─── DATA FOR PROCESSING

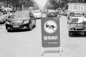 圖②我市各考點外設(shè)置了禁鳴喇叭警示牌。
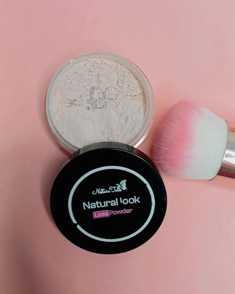لوس بودر طبيعية من Nature Talk. تثبت المكياج، تمتص الزيوت الزائدة، وتمنحكِ لمسة مطفية (Matte) بدون سد المسام. آمنة للبشرة الحساسة.
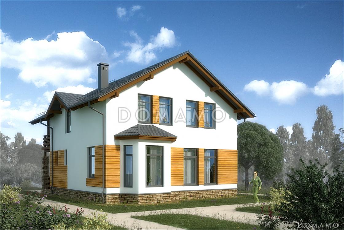 Большой двухэтажный дом с типичным для современных проектов четким разделением жилой и функциональной зон. Особенностью же является совмещенное пространство кухни и гостиной, со светлым эркером, расположенным в кухонной зоне — великолепный обзор вместе с естественным светом и теплом. Жилая зона состоит из жилой комнаты на первом этаже и трех спален с кабинетом на второй, последний имеет выход на просторный балкон, где можно удобно разместить столик и другую летнюю мебель для отдыха.
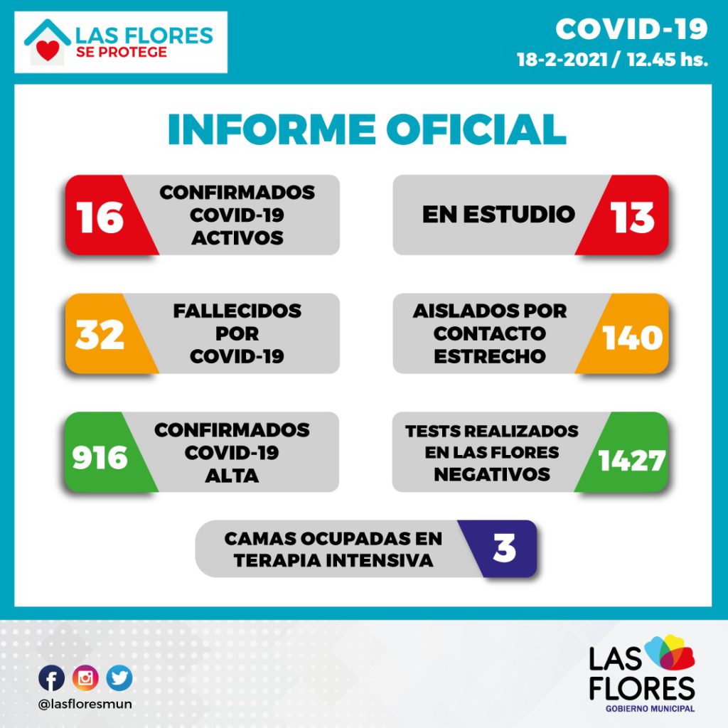 En el día de hoy ingresaron 5 resultados negativos. Además, en las últimas horas se dieron de alta a 4 pacientes activos de Covid-19. Al día de la fecha hay un total de 16 casos activos por Covid-19. También comunicamos que hay 13 casos en estudio. En aislamiento por contacto estrecho hay un total de 140 personas aisladas. En el hospital se encuentran 3 pacientes ocupando cama en terapia intensiva. Es importante que no dejemos de cuidarnos, y continuemos usando el tapaboca, manteniendo la distancia social y una buena higienización de manos. Evitemos el contagio. #EntreTodosNosCuidamos #LasFloresSeProtege
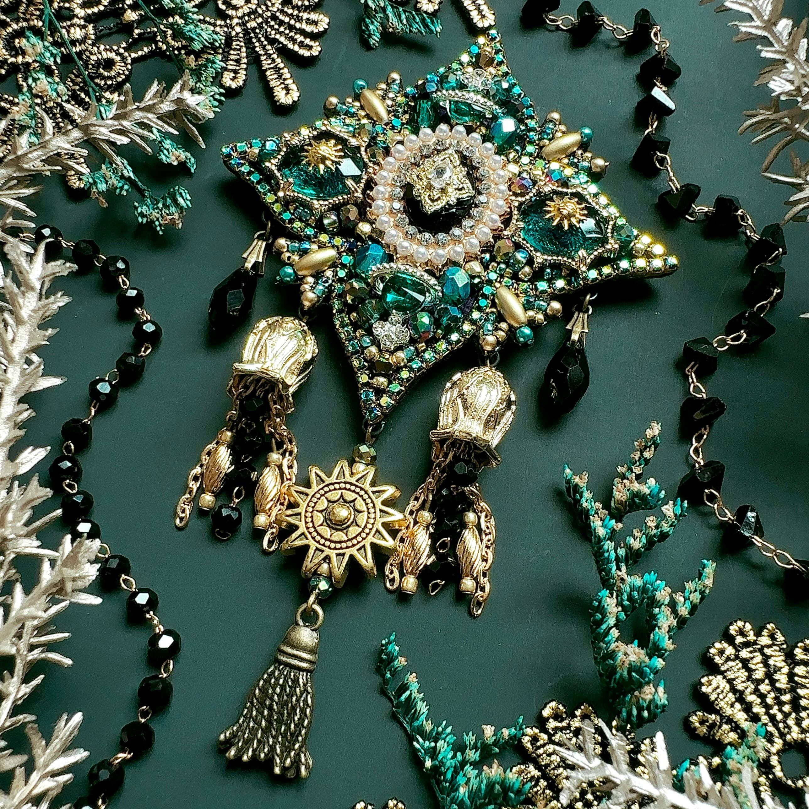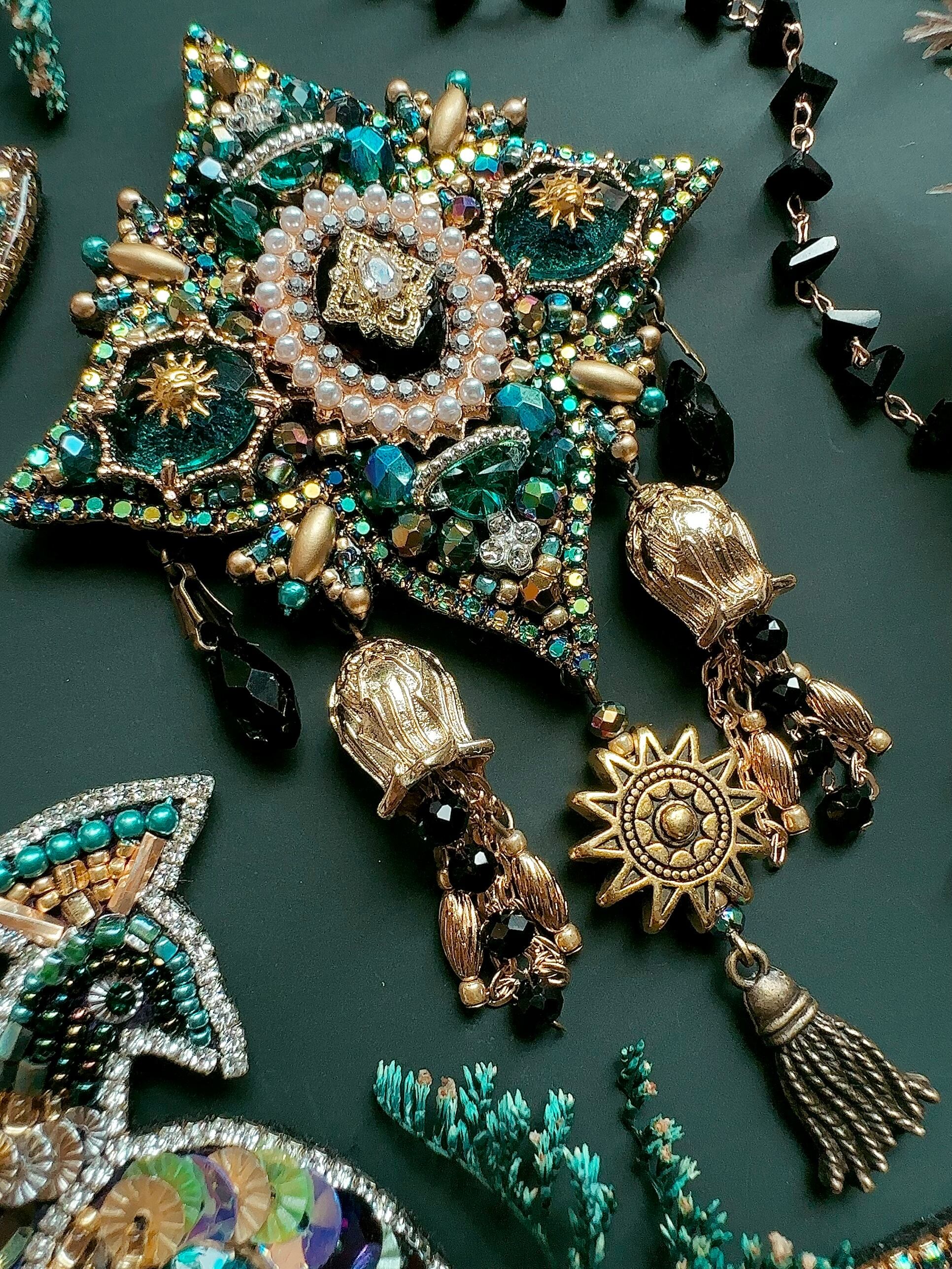 ビーズ刺繍のブローチ・ネックレス・バッグチャームの3wayです。

──────

▶ [EXERCISE OBJECTIVE] Omitting all images, retype each line of the records precisely.

▶ [RESULT FOR THIS TASK]
 圖②我市各考點外設(shè)置了禁鳴喇叭警示牌。
لوس بودر طبيعية من Nature Talk. تثبت المكياج، تمتص الزيوت الزائدة، وتمنحكِ لمسة مطفية (Matte) بدون سد المسام. آمنة للبشرة الحساسة.
 Большой двухэтажный дом с типичным для современных проектов четким разделением жилой и функциональной зон. Особенностью же является совмещенное пространство кухни и гостиной, со светлым эркером, расположенным в кухонной зоне — великолепный обзор вместе с естественным светом и теплом. Жилая зона состоит из жилой комнаты на первом этаже и трех спален с кабинетом на второй, последний имеет выход на просторный балкон, где можно удобно разместить столик и другую летнюю мебель для отдыха.
 En el día de hoy ingresaron 5 resultados negativos. Además, en las últimas horas se dieron de alta a 4 pacientes activos de Covid-19. Al día de la fecha hay un total de 16 casos activos por Covid-19. También comunicamos que hay 13 casos en estudio. En aislamiento por contacto estrecho hay un total de 140 personas aisladas. En el hospital se encuentran 3 pacientes ocupando cama en terapia intensiva. Es importante que no dejemos de cuidarnos, y continuemos usando el tapaboca, manteniendo la distancia social y una buena higienización de manos. Evitemos el contagio. #EntreTodosNosCuidamos #LasFloresSeProtege
 ビーズ刺繍のブローチ・ネックレス・バッグチャームの3wayです。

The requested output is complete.